Help understanding pm.categorical

Hello all!

I’m trying to model windspeed as a Markov process - where the state of the windspeed can be one of 20 states, each of which has a average windspeed and std dev.
This is then fed into a normal distribution to generate a sample windspeed.
At each point in time, the state has a probability of changing into a new state given by the transition probability.

What I don’t understand is that in the trace, I end up with 20 traces for windspeed, looks like one per starting windspeed (trace[“wind_speeds”].T).
How do I set the initial state, and only run a trace using that initial state?

Thanks for being patient if this is a simple question!

import numpy as np
import pymc3 as pm
from scipy import stats

# Set the random seed for reproducibility
np.random.seed(42)

# Generate transition probabilities using a Normal distribution
def gen_prob(index):
    x = [stats.norm.pdf(i - index) for i in range(20)]
    x /= sum(x)
    return x

# Set the transition probabilities for the Markov chain
transition_probabilities = [gen_prob(i) for i in range(20)]

# Set the average wind speeds for each state
mean_speeds = np.arange(20)

# Set the standard deviations for each state
std_speeds = np.logspace(-1,0.5,20)

# Create a Markov chain with 3 states
model = pm.Model()
with model:
    mean_speeds = pm.Data('mean_speeds', mean_speeds)
    std_speeds = pm.Data('std_speeds', std_speeds)
    
    # Create a categorical variable with 3 possible states
    state = pm.Categorical('state', p=transition_probabilities, shape=(20,))

#     # Create a normal distribution for the wind speeds
    wind_speeds = pm.Normal('wind_speeds', mu=mean_speeds[state], tau=std_speeds[state], shape=(1,20))
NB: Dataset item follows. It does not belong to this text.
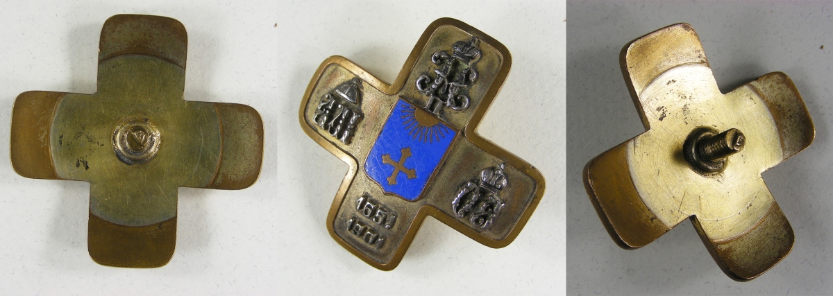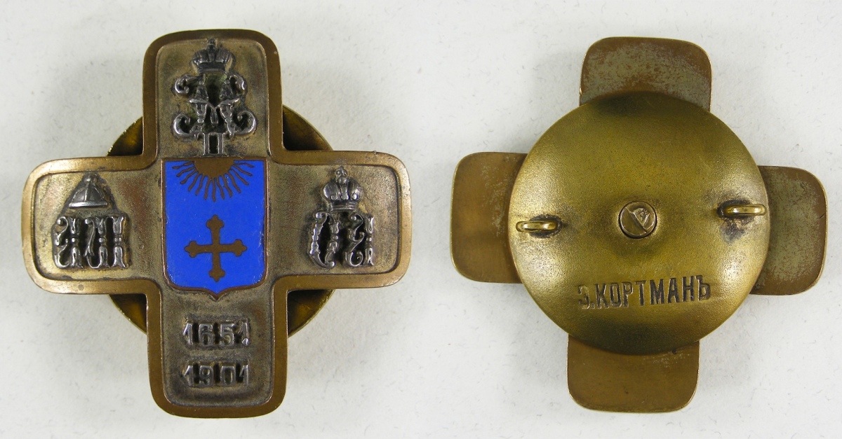 Russie - INSIGNE d'officier du 12e régiment de hussards de Akthyr de Sa Majesté Impériale la grande-duchesse Olga Alexandrovna en bronze doré, argenté et émaillé (griffures), fixation par vis (raccourcie) et écrou signé du fabricant E. Kortmann.

# Generate a sequence of 1000 random wind speeds using the Markov chain
with model:
    trace = pm.sample(1000)

Welcome!

I think the problem might be that you’re not sampling sequences, but rather independent draws. To implement a markov chain, you need to use scan, which allows for recursive computation. It’s also a bit messy to pass RandomVariables though the scan, you have to do some tricks to register them to the model. I followed this post as a guide to re-write your code as follows:

import numpy as np
import pymc as pm
from scipy import stats


# Set the random seed for reproducibility
np.random.seed(42)

# Generate transition probabilities using a Normal distribution
def gen_prob(index):
    x = [stats.norm.pdf(i - index) for i in range(20)]
    x /= sum(x)
    return x

# Set the transition probabilities for the Markov chain
transition_probabilities = at.stack([gen_prob(i) for i in range(20)])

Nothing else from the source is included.